If your business is a limited liability company (LLC) or a
limited liability partnership (LLP), you know that these structures offer
liability protection and flexibility as well as tax advantages. But they once
also had a significant tax disadvantage:
The IRS used to treat all LLC and LLP owners as limited partners for purposes of the passive
activity loss (PAL) rules, which can result in negative tax consequences.
Fortunately, these days LLC and LLP owners can be treated as general partners, which
means they can meet any one of seven “material participation” tests to avoid
passive treatment.
The PAL rules
The PAL rules prohibit taxpayers from offsetting losses from
passive business activities (such as limited partnerships or rental properties)
against nonpassive income (such as wages, interest, dividends and capital
gains). Disallowed losses may be carried forward to future years and deducted
from passive income or recovered when the passive business interest is sold.
There are two types of passive activities: 1) trade or business
activities in which you don’t materially
participate during the year, and 2) rental activities, even if you do
materially participate (unless you qualify as a “real estate professional” for
federal tax purposes).
The 7 tests
Material participation in this context means participation on a
“regular, continuous and substantial” basis. Unless you’re a limited partner,
you’re deemed to materially participate in a business activity if you meet just one of seven tests:
- You participate in the activity at least 500 hours
during the year.
- Your participation constitutes substantially all of the
participation for the year by anyone, including nonowners.
- You participate more than 100 hours and as much or more
than any other person.
- The activity is a “significant participation activity”

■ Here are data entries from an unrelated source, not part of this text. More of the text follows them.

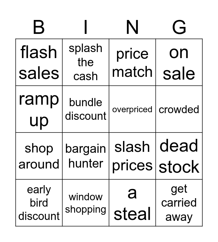 This bingo card has 16 words: window shopping, dead stock, price match, flash sales, shop around, splash the cash, slash prices, a steal, ramp up, bundle discount, early bird discount, on sale, bargain hunter, crowded, overpriced and get carried away.
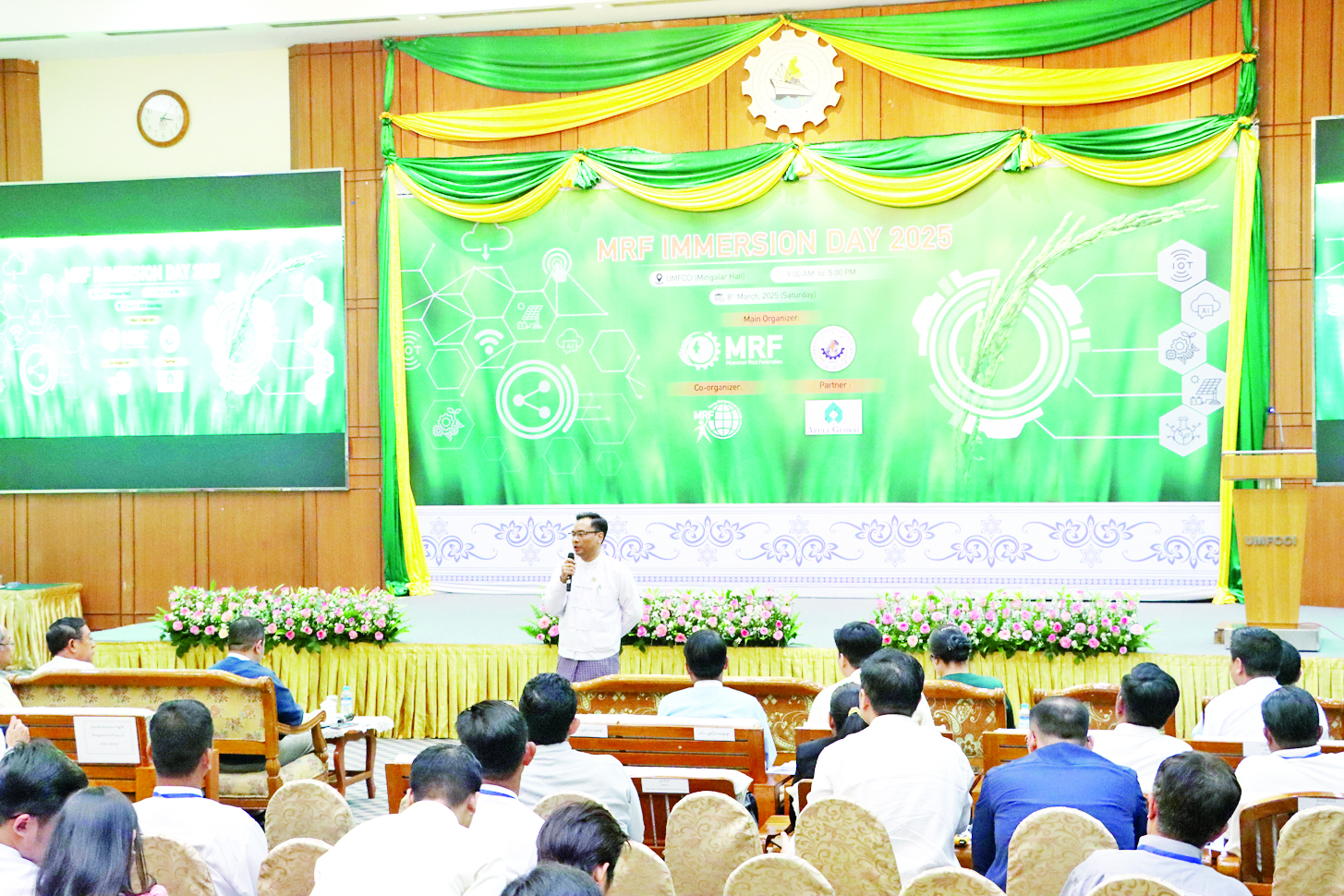 သိပ္ပံနှင့်နည်းပညာဝန်ကြီးဌာန သုတေသနနှင့် တီထွင်ဆန်းသစ်မှုဦးစီးဌာနနှင့် မြန်မာနိုင်ငံ ဆန်စပါးအသင်းချုပ် (Myanmar Rice Federation-MRF) တို့ ပူးပေါင်းကျင်းပသည့် ဆန်နှင့် ဆန်ထွက်ပစ္စည်းများ အရည်အသွေးနှင့် တိကျစွာတိုင်းတာမှုဆိုင်ရာ အသိပညာပေးဆွေးနွေးပွဲ (MRF Immersion Day 2025) အခမ်းအနားကို ယမန်နေ့က ကုန်သည်စက်မှုအသင်းချုပ် (UMFCCI)၌ ကျင်းပရာ သိပ္ပံနှင့်နည်းပညာဝန်ကြီးဌာန ဒုတိယဝန်ကြီး ဒေါက်တာအောင်ဇေယျ၊ MRF ဥက္ကဋ္ဌ၊ တာဝန်ရှိသူများ၊ မြန်မာနိုင်ငံဆန်စပါးအသင်းချုပ်နှင့် ဆက်စပ်ကုမ္ပဏီများမှ တာဝန်ရှိသူများ၊ စိုက်ပျိုးရေးပညာရှင်များ တက်ရောက်ကြသည်။
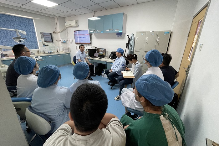 5月31日中午,色情网站 院长何家才在医院七楼种植科以“习近平新时代中国特色社会主义思想解读”为主题,为种植科支部全体党员讲授主题教育系列专题党课。
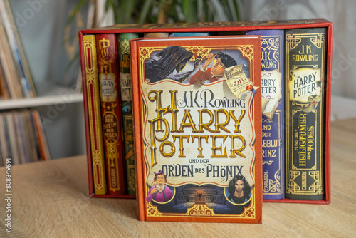 Naklejka premium complete colorful collection paper books by JK Rowling about Harry Potter, appealing to book lovers, especially fans children's literature and fantasy, Frankfurt - December 22, 2023
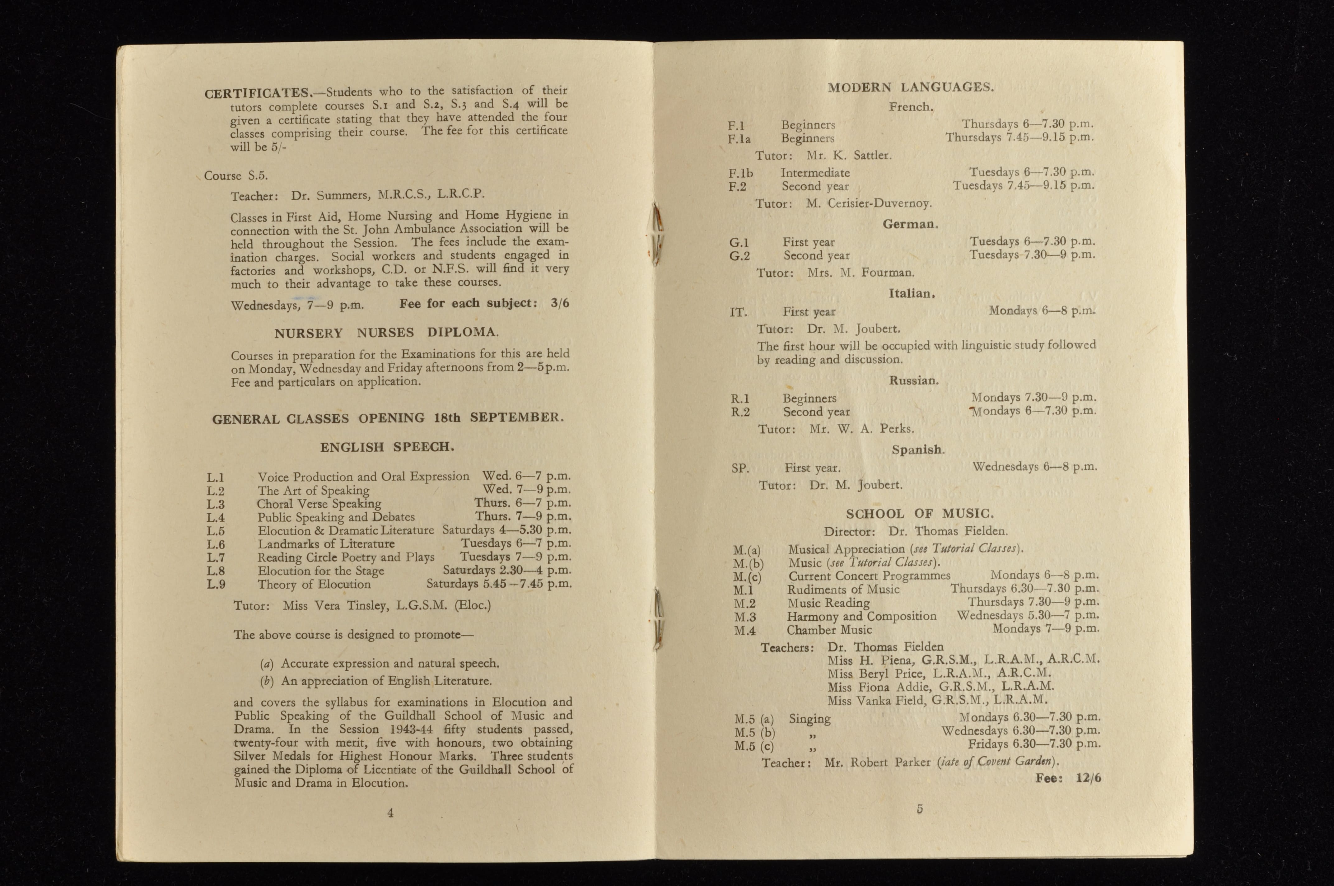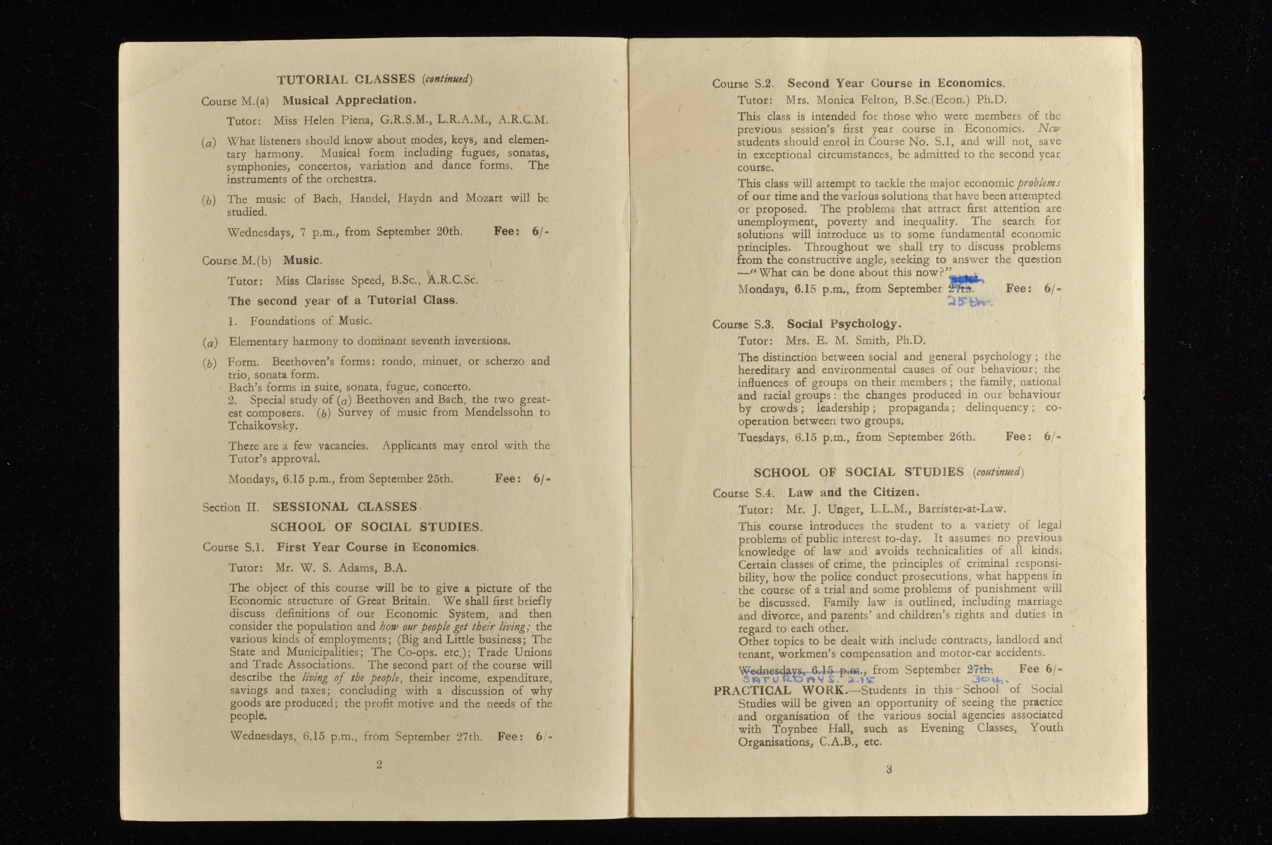 Contains lists of classes and facilitiies at Toynbee Hall. 1 document
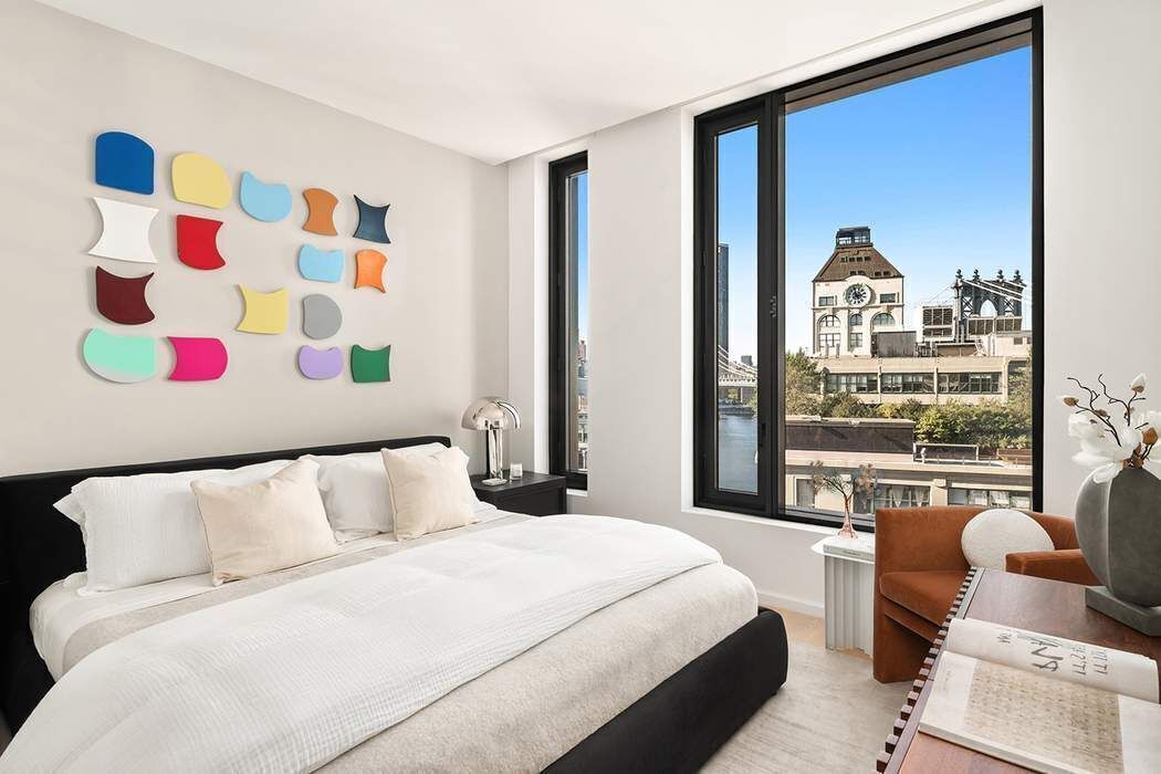 • Immediate Occupancy. On-site model residences now available to tour by appointment. Overlooking Front Street, Residence 17C is a two-bedroom, two-and-a-half-bathroom corner residence with 1,471 SF of elegant living space. Upon entry, the foyer introduces an open and light-filled living and entertaining space. The impeccably tailored Workstead-designed kitchen features a statement island with inlaid Fior di Bosco stone slab and chamfered edges, raked maple cabinetry paired with satin nickel hardware and top-of-the-line Gaggenau appliances. The dining area boasts floor-to-ceiling round corner windows and four full-height pantry spaces for additional storage. The primary suite is complemented by an en-suite bathroom with Agglo Ceppo honed stone walls, flooring and countertops, custom brushed nickel shower controls, an undermount tub, and a custom-slatted white maple double vanity with satin nickel pulls, deck-mounted faucets and oak controls, the oasis also includes an impressive walk-in closet. The secondary bedroom includes a spacious closet and an en-suite bathroom featuring mosaic flooring, an undermount tub with brushed nickel fixtures, custom vanity in maple and a round mirrored medicine cabinet. Located close to the foyer, the powder room has a pedestal vanity in African St. Laurent stone with a honed finish and chamfered edges, a hidden mirror, and white maple-clad walls. The laundry room with LG washer & dryer is discretely located off the bedroom hallway and completes this offering. Olympia is a modern interpretation of its surroundings. Rising tall from the heart of historic Dumbo, Olympia offers expansive views of the sun-drenched harbor and Lower Manhattan skyline from the highest crest in the neighborhood. With thoughtful exteriors by Hill West Architects and interiors by Workstead, the 76 homes reflect a sense of scale and rhythm, and a palette of colors and materials that is grounded in the maritime and industrial heritage of Dumbo's waterfront. Olympia is designed to maximize comfort and convenience, boasting over 38,000 SF of indoor and outdoor services and amenities spread over 3 levels. The Garden level features our ground floor amenities. Through a private entry court, a contemporary porte coche`re welcomes you to a sheltered vestibule, and to the building’s triple-height lobby. The fully serviced lobby features a sculpture by Jacob Hashimoto and floor-to-ceiling window walls. Adjoining the lobby is the private garden lounge, perfect for reading a book, while overlooking the MPFP-landscaped Gair Gardens. Located in the building’s lower level, The Club is all about fun and fitness, complete with a game lounge, bar, two-lane bowling alley, state-of-the-art fitness center, spin studio, boxing gym, private locker rooms and maritime-themed kid’s playroom. The Bridge level of Olympia is located on the 10th floor and offers a variety of indoor and outdoor amenities dedicated to recreation and relaxation. Features include a 60’ indoor lap pool, wellness amenities, juice bar, a 58’ outdoor pool and hot tub, cabanas, barbecue areas, children’s ship-inspired playground & waterpark, and a full-size tennis court overlooking the Brooklyn Bridge, lower Manhattan and beyond. Additional services include private on-site parking available for rent or purchase, 24-hour doorman and concierge, package room with refrigerated storage, bicycle storage and private residential storage available for purchase. Sponsor: Fortis Dumbo Acquisition, LLC, 45 Main Street, Suite 800, Brooklyn, NY 11201; Sponsor makes no representation or warranties except as may be set forth in the offering plan filed with the NYS Department of Law. The complete offering terms are in an OP available from sponsor. NYS Department of Law File No. CD20-0174. Equal Housing Opportunity. Co-exclusive.
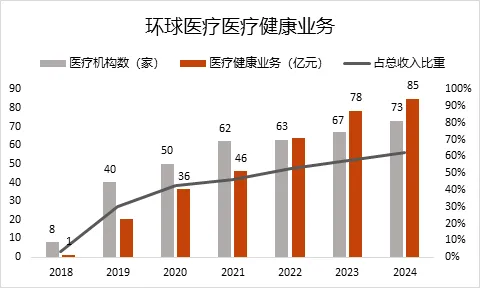 具体过程暂且按下不表。从结果来看,上市十年后,环球医疗已经从一家金融租赁公司转型为综合性的医疗健康集团,旗下拥有近70家医疗机构、1.6万张床位,规模居国内上市公司第一梯队。近两年更是把业务触角延伸到了医疗服务的上下游——医疗设备维保和养老领域,布局多元健康产业的信号已经非常强烈。
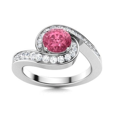 Natural 1.10 CTW Tourmaline & Diamond Engagement Ring 18K White Gold
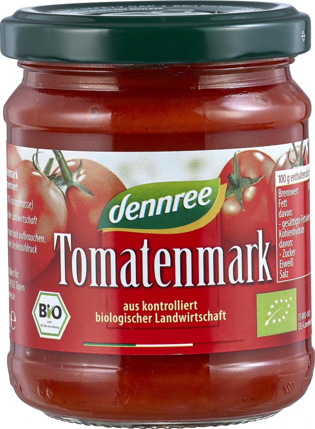 Bio-Tomatenmark bietet reinen Genuss. Das dennree Tomatenmark wird aus sonnengereiften Tomaten schonend hergestellt. Genießen Sie den fruchtig-aromatischen Geschmack.
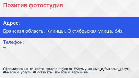 Позитив, фотостудия по адресу Брянская область, Клинцы, Октябрьская улица, 64а в дальнейшем Организация, размещена в следующих категориях:
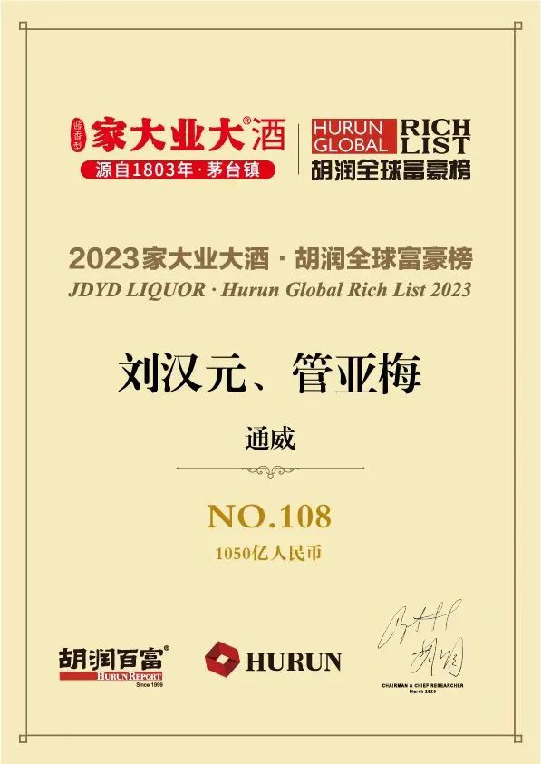 通威集團(tuán)董事局劉漢元主席榮列2023胡潤(rùn)全球富豪榜
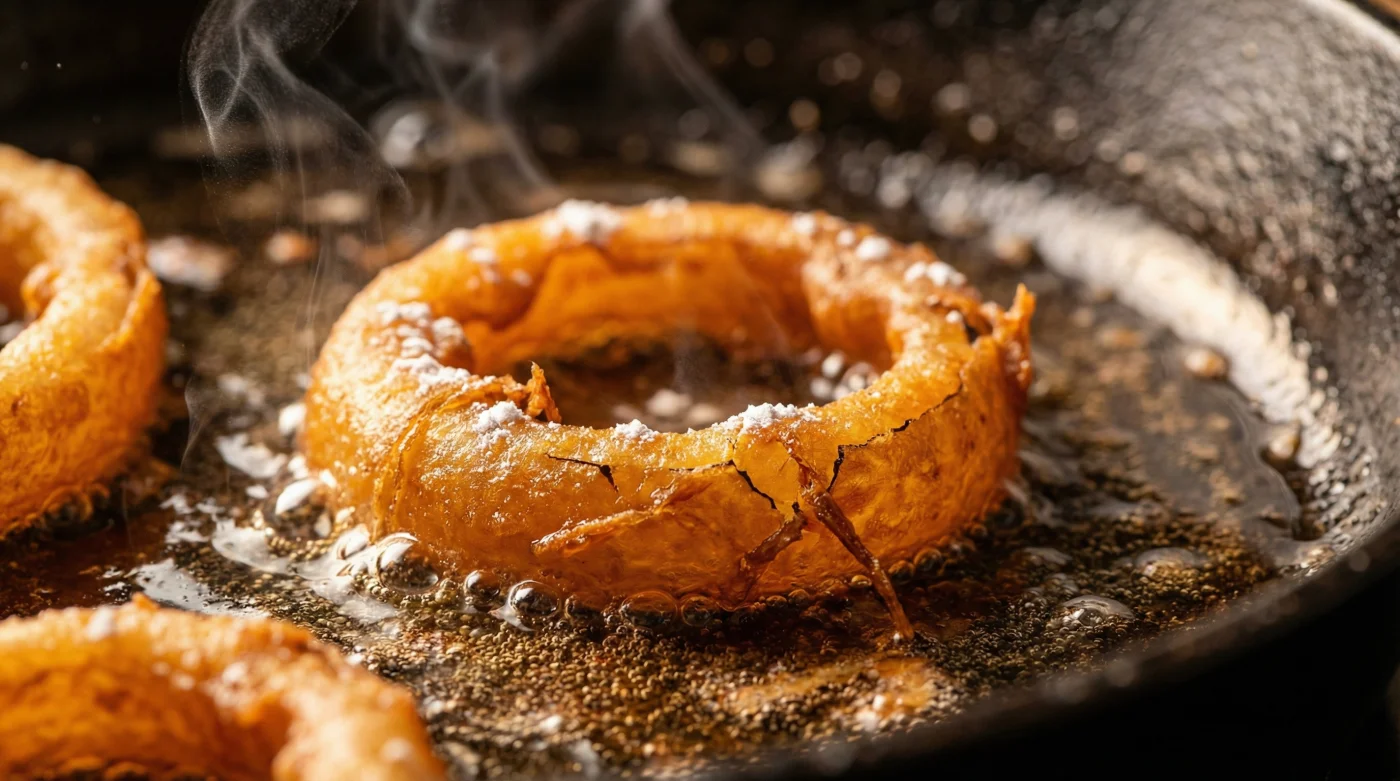 Klassische gelbe Haushaltszwiebeln funktionieren am besten, da sie die perfekte Balance aus Schärfe und Festigkeit besitzen. Rote Zwiebeln neigen dazu, im heißen Öl zu schnell bitter zu werden.
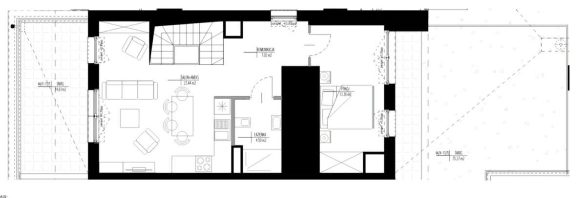 - strefa relaksu z miejscem na RTV, kanapa, stolik kawowy
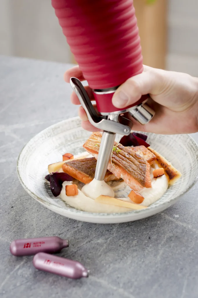 Die iSi Gourmet Whips tragen zudem zu optimierten Abläufen in der Küche bei. Dank des geschlossenen Systems können Zubereitungen HACCP-konform gekühlt gelagert werden – bei gleichbleibender Qualität und ohne Geschmacksverlust. Komponenten lassen sich vorbereiten und bei Bedarf sofort einsetzen, was insbesondere in Stoßzeiten wertvolle Zeit spart.
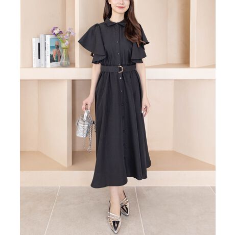 女性らしい!ウエストベルトフリルスリーブワンピース
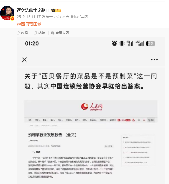 9月13日,罗永浩发微博@贾国龙,内容为 关于“西贝餐厅的菜品是不是预制菜"这一问题,其实中国连锁经营协会早就给出答案,预制菜行业发展报告 (全文)表示,数据显示,真功夫、吉野家、西贝等连锁餐饮企业预制菜占比达80%以上。
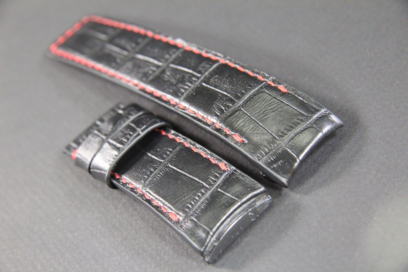 Custom-made watch strap of calfskin leather for Bomberg watch. The top strap is made of calfskin embossed alligator leather. Lining strap of calfskin leather. Transfer of plastic inserts into the base of strap. Strap hand stitched.

— that is, you participate more than 100 hours — but you participate
less than one or more other people yet your participation in all of your
significant participation activities for the year totals more than 500
hours.
- You materially participated in the activity for any
five of the preceding 10 tax years.
- The activity is a personal service activity in which
you materially participated in any three previous tax years.
- Regardless of the number of hours, based on all the
facts and circumstances, you participate in the activity on a regular,
continuous and substantial basis.
The rules are more restrictive for limited partners, who can
establish material participation only by satisfying tests 1, 5 or 6.
In many cases, meeting one of the material participation tests
will require diligently tracking every hour spent on your activities associated
with that business. Questions about the material participation tests? Contact
us.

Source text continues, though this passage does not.